# Entrada auxiliar (jack) a un radio por pilas ?



## mawilow (Jul 21, 2006)

Tengo un radio casette portatil, es decir, por pilas, que ademas reproduce cds y queria sacarle una entrada auxiliar tipo jack para conectar el mp3 y escucharlo atraves de los altavoces de la radio.

En su defecto si alguien me pudiera decir otra alternativa de escuchar el mp3 por unos altavoces que me la diga.
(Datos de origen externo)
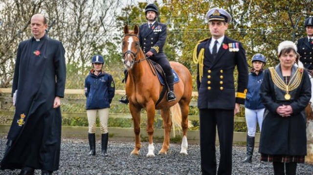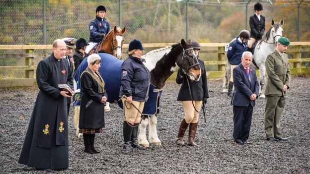 Un vicaire courageux est allé patauger dans boue d’un paddock, à Plymouth dans le Devon où la Royal Navy a son mémorial national. Il y avait aussi le maire du coin, le Lord Mayor, une femme d’ailleurs mais on ne dit pas lady mayor,  je ne sais pas pourquoi. Elle a l’air assez petite et on la voie s’enfoncer de plus en plus au fur et à mesure des photos. À mon avis, il a fallu la repêcher à la fin. En même temps, il y a des gens qui dépensent des sommes folles pour des bains de boue…enfin bref, c’était très bien organisé cette petite commémoration, il y avait des soldats et on avait même décoré ces braves bêtes (je parle des chevaux, pas des cavaliers) avec des poppies en papier qu’ils n’ont même pas essayer de manger.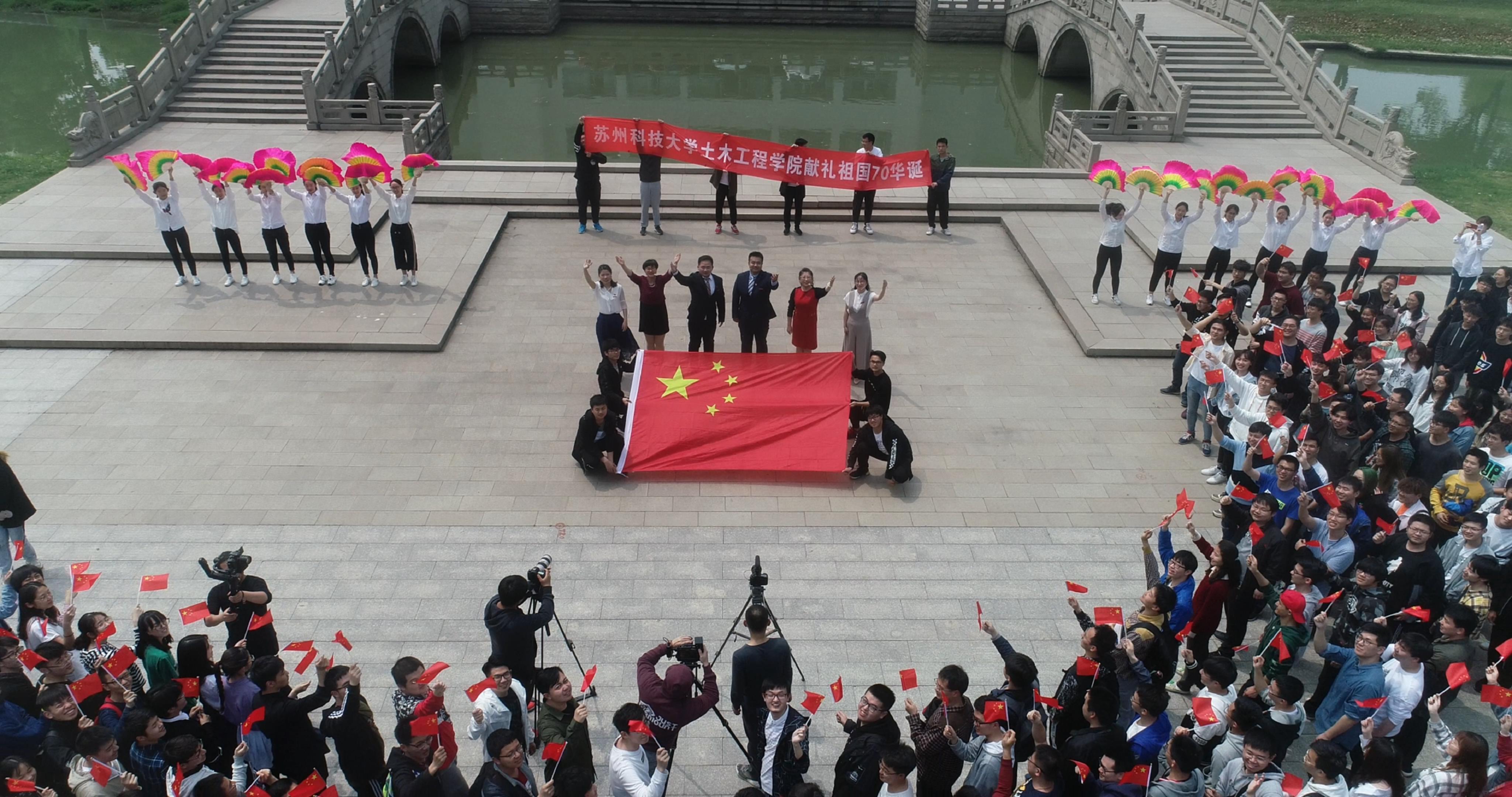 “我和我的祖国,一刻也不能分割,无论我走到哪里,都流出一首赞歌……”深情悠扬的歌声在校园响起。在土木搜同大楼前的场地上,师生们挥舞着小红旗,用激情嘹亮的歌声抒发对党和人民的热爱,为祖国献上最真切的祝福。
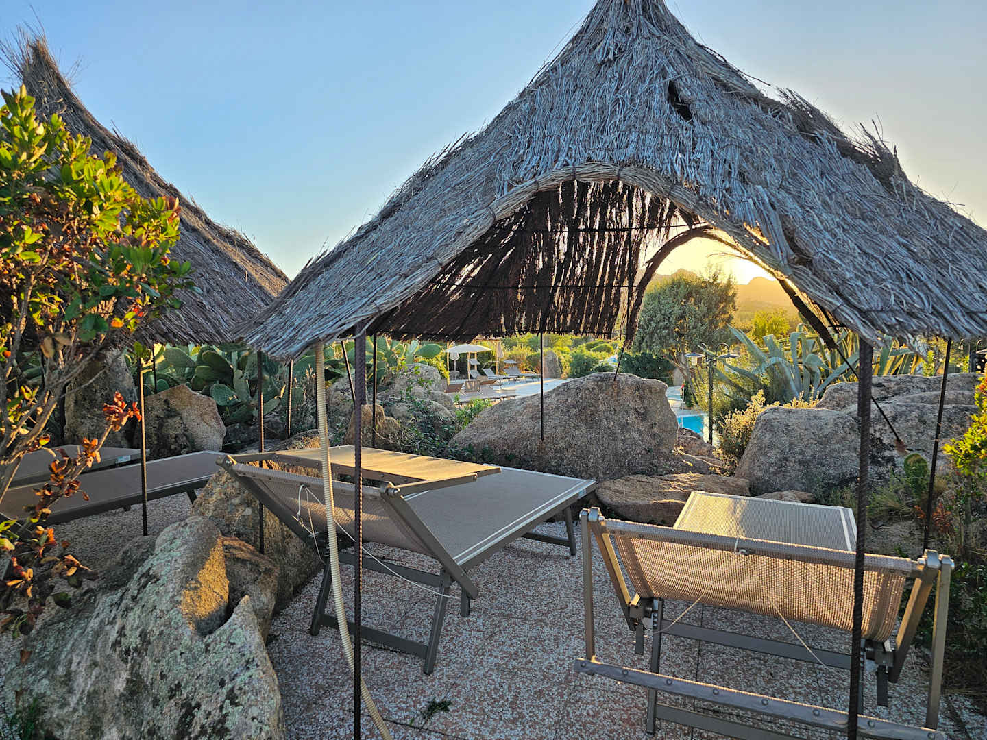 Kleiner Bereich am Pool mit Liegen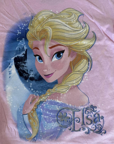 Disney Parks Girls Frozen Elsa Graphic Pink Short Sleeve Shirt Size X-Small
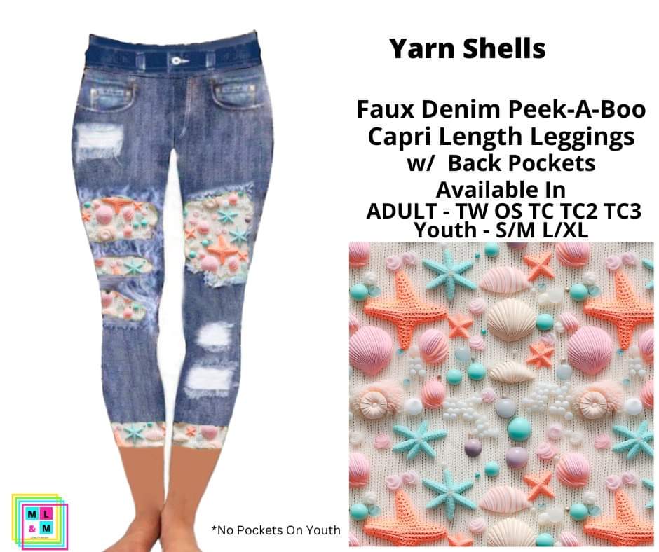Yarn Shells Faux Denim Peekaboo Capris

Yo he pensado en conectar el mp3 y los altavoces mediante un amplificador, pero que yo sepa los unicos amplificador que conozco son los que se les pone a la radio del coche que cogen la alimentacion de la bateria del coche y a mi me gustria que el amplificador fuese por pilas, es decir, portatil. ¿existe algun amplificador por pilas o por baterias recargables?


----------



## Alfgu (Jul 21, 2006)

se puede hacer conectas los dos altavoces a la salida Jack y con este amplificador que te dejo te va a servir
http://img107.imageshack.us/my.php?image=nostalgiccristalradioet8.gif
este amplificador va a 9 voltios


----------



## mawilow (Jul 21, 2006)

muchisimas gracias alfgu pero no se interpretar ese esquema que me envias, soy novato, si me pudieras decir alguna web donde poder aprender que significan esos simbolos y a montar el circuito te lo agradeceria. Es que nunca he hecho un circuito, ¿es muy complicado?


----------



## Alfgu (Jul 21, 2006)

Yo tambien soy un aficionado que practicamente estoy empezando aunque llevo unos meses pero de todas las maneras para sacarte de dudas metete en el google y busca "simbologia ó simbolos de electronica" y te salen un monton de paginas con simbolos.


----------



## mawilow (Jul 22, 2006)

muchas gracias por la información, ahora la siguiente duda que tengo es como pido los componentes en la tienda???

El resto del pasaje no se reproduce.